Linux Shadow File

[-(Xyphox)-]

Hey Everyone,
I am working on a new email server converting from a old system to a new system
The UserName's and Passwords are stored in a shadow file right now that is encrypted.
Anyone know how i can do uncrypt them so i can merge them over.
I am using Debian 4.0

 

[inotocracy]

The shadow file is generated using a salt, which will vary per distro (IIRC). Your best bet would be to get a password cracker (like john the ripper) and go to town on it. Alternatively, you could just paste in the user's lines from the old shadow file and see if it works, and it might if the distro is the same.

 

[-(Xyphox)-]

The shadow file is generated using a salt, which will vary per distro (IIRC). Your best bet would be to get a password cracker (like john the ripper) and go to town on it. Alternatively, you could just paste in the user's lines from the old shadow file and see if it works, and it might if the distro is the same.

The copy from one to another will not work. Imap using plain text so it will not work. I need to get the crypted file to plain text.

 

[BillLeeLee]

The passwords are salted and then run through a one-way hash, directly attempting to reverse the password could take a while.

You just want to migrate account information to the new server:

http://www.debian-administration.org/articles/272
https://www.linuxquestions.org/ques...g-users-from-one-linux-box-to-another-394669/
https://www.linuxquestions.org/ques...ing-users-from-one-linux-server-to...-153506/

In the future, you might want to look into either NIS or LDAP.

 

[-(Xyphox)-]

We are going from Squirl Mail to Zimbra.
Zimbra is on Ubuntu
To migrate over we need the file to be in plain text

 

[Xipher]

Might as well just have people generate a new password. Any one who used a decent password may force you to go the brute force route, and that will take years if you ever get it.

 

[-(Xyphox)-]

Might as well just have people generate a new password.

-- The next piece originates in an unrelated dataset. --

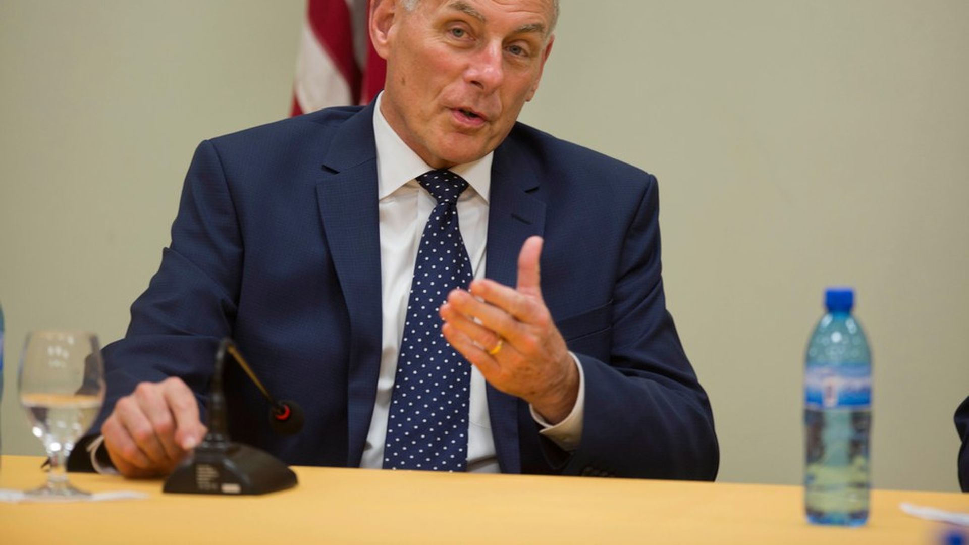 Kelly led the press briefing Thursday. Photo: Dieu Nalio Chery / AP

Any one who used a decent password may force you to go the brute force route, and that will take years if you ever get it.

I wanted to do this without having all the user's re do their passwords. I could change everyone's password but did not want to have to do that.. So there is no way to decrypt the file?

 

[PanzerBoxb]

No, there is no practical way to decrypt the existing passwords.

 

[SpaceHonkey]

No, there is no practical way to decrypt the existing passwords.

It's a feature - not a bug

 

[Xipher]

I wanted to do this without having all the user's re do their passwords. I could change everyone's password but did not want to have to do that.. So there is no way to decrypt the file?

For security reasons it's a 1 way hash just to make it difficult to do that very thing. If it was a 2 way encryption it would make password cracking far too easy.

I will reiterate, the passwords are not "encrypted" they are hashed. This is a 1 way street, you don't decrypt them.
Verification actually hashes the input to check if it matches and if so has confirmed the password.

Either figure out how to use md5hashes for your users passwords or have them generate new ones.

 

[-(Xyphox)-]

any other thoughts?

 

[eloj]

If the old system is in use, you can modify it to record the plaintext passwords that pass.

I do however consider this a bad idea. You've already been given the correct solution; new system, new passwords.